San Francisco and the other side of luck

I’m in San Francisco for a large and very important conference on ageing, the IAGG (International Association of Geriatrics and Gerontology), a great opportunity to learn and exchange ideas. It is also a spectacular city, with wonderful quirks and extraordinary views. But it is a city full of people whose untreated mental health problems have condemned them to living in the street in horrible conditions. Many of them are old, perhaps living with dementia, here we are, in an immaculately clean room talking about research on how to support people with dementia in living better, and just take a look outside.

Two weeks ago, in Manila, I was also shocked by the numbers of people who live in the streets. The Philippines is a poor and troubled country. But the US is one of the richest countries in the world.

Homelessness is increasing rapidly where I live too, in Canterbury, as austerity cuts are taking away the safety nets that prevent that people whose lives take a bad turn lose everything and have made it much harder to access timely mental health care services.

What kind of world are we heading towards?
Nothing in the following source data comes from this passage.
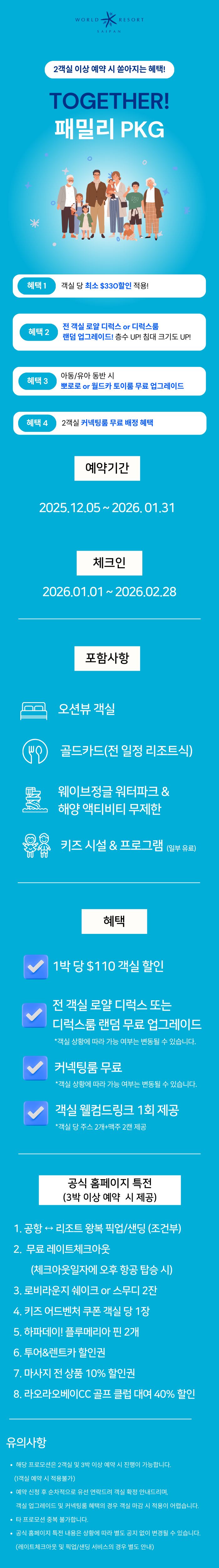 • 공식 홈페이지 특전 내용은 상황에 따라 별도 공지 없이 변경될 수 있습니다. (레이트체크아웃 및 픽업/샌딩 서비스의 경우 별도 안내)
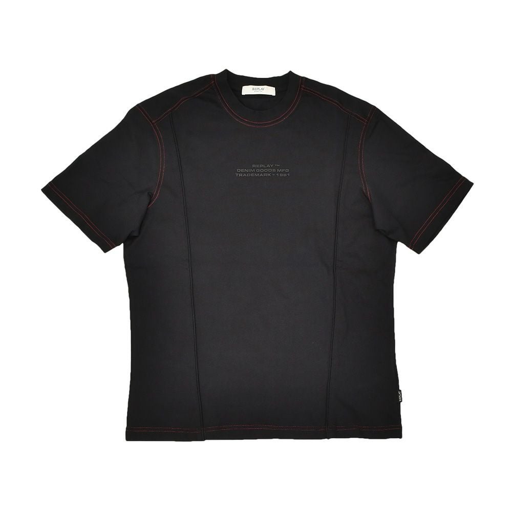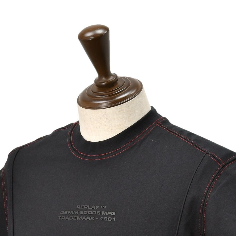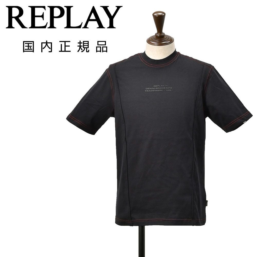 リプレイ REPLAY 半袖Tシャツ メンズ クルーネックカットソー ピュアコットンジャージー ブラック 黒 ラバープリント エンボスロゴ ミドルオンス レギュラーフィット 国内正規品 オクテット名古屋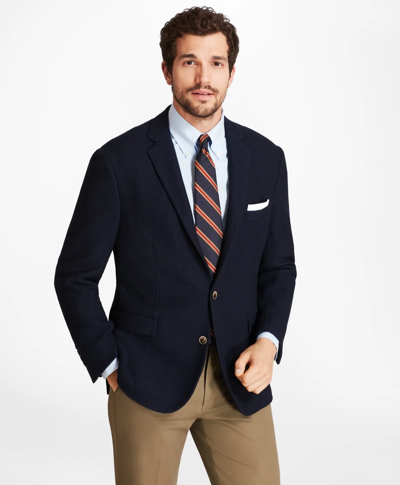 Classic two-button blazer made from 100% textured wool woven in Italy. Side vents and half-lined. Regent fit. Dry clean. Made in the USA from imported materials.
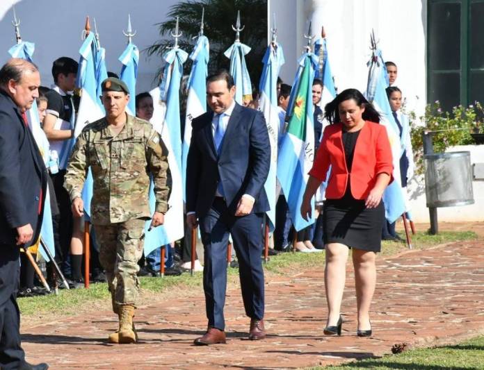 Para dar inicio al acto, el jefe de la Agrupación Libertador, teniente coronel Agustín Luzuriaga presentó a los efectivos formados al gobernador de la provincia Gustavo Valdés, quien pasó revista y saludó a la formación acompañado por el comandante de la Primera División de Ejército General de Brigada, Aldo Ferrari y la intendenta de Yapeyú, Marisol Fagúndez.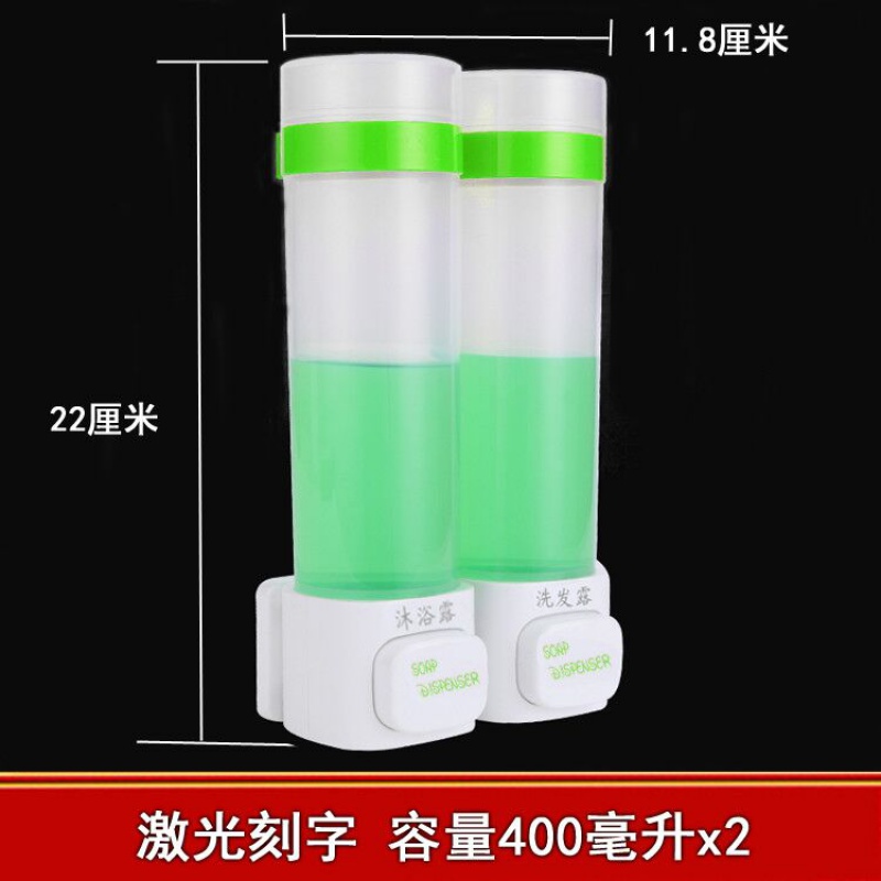 免打孔壁挂式手动按压皂液器闪电客宾馆酒店浴室洗发水沐浴露盒洗手液瓶 圆形透明绿双头刻字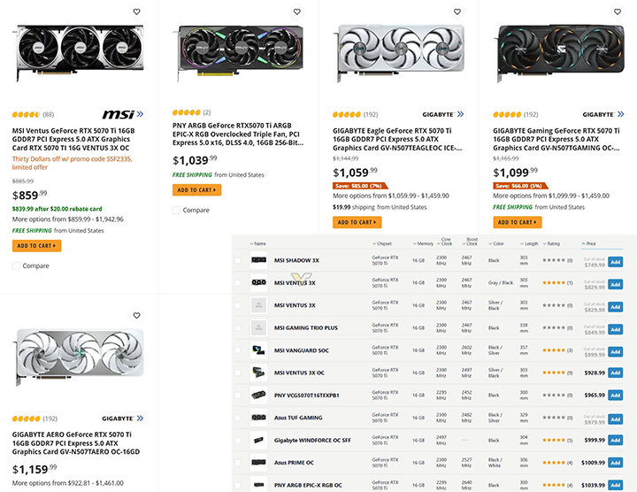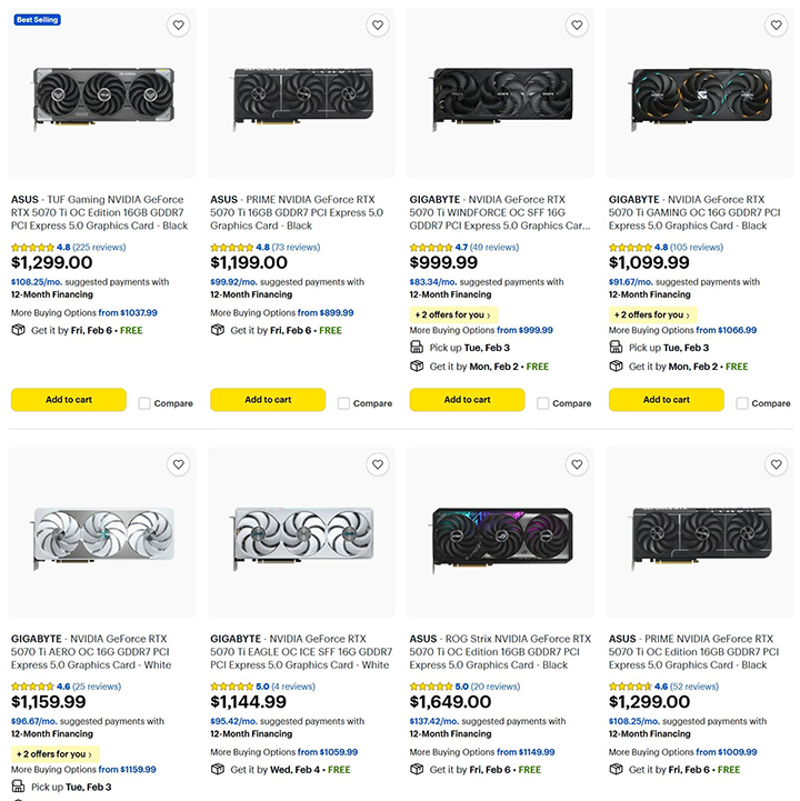 於Best Buy等主流商城中,多款非公版RTX 5070 Ti售價已漲至1000-1300美元間,而RTX 5080建議售價則為999美元。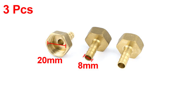 Product Name Barb Fitting Fit Tube Inner Dia 8mm / 0.3" Thread Diameter 20mm/1/2 BSP Overall Size 23 x 32mm / 0.9" x 1.25" (D*L) Color Gold Tone Material Brass Weight 54g Package Content 3 x Barb Fittings - Reviews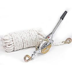 3/4 TON WINCH ROPE: Heavy-duty mini come along winch 3 quarter ton come along hand winch cable puller delivers serious pulling power for construction, home, farms, ranch, fences, tree puller and automotive use. Max horizontal load capacity of 2,600 pounds. WINCH HOOK: Heavy duty puller steel construction for added durability; hooks and gears are zinc plated for a long-lasting life in your garage or workshop when pulling, dragging, lifting, or stretching. Safety latch on all hooks to prevent accidents or slipping off. RATCHETING CABLE COME ALONG: Powerful ratcheting come along pulling system allows for one-handed operation when pulling or winching even the heaviest loads. The winch cable ratchet pulley system length is 15mm thick and 30 meters or 98 feet long. MANUAL ROPE WINCH: Come along hand winch or rope wrench with gear design that locks on for evenly distributed force and easy to gauge notched pulling action for an easy, smooth, and consistent. LEVER ARM: Includes long industrial hand ratchet handle with PVC coated grip for leverage and 2 latching hooks for added safety and versatility when going off road vehicle recovery, pulling fences, logs, stumps, or rocks.

Do we understand that all of us could be them, the people lying on the pavement that we try to avoid stepping over on the way to a conference? Life can take unexpected turns for all of us, something may happen that we can’t cope with and we lose our jobs, our homes… and if we are the unlucky ones, how do we want to be treated?

It took European countries many decades to build welfare states that provide safety nets to avoid precisely this. It is not taking very long to dismantle them. Unless we all insure each other through collective mechanisms (yes, taxes, or insurance contributions), more and more of us can find ourselves as bodies on the side of the road.

We can all be on the other side of luck.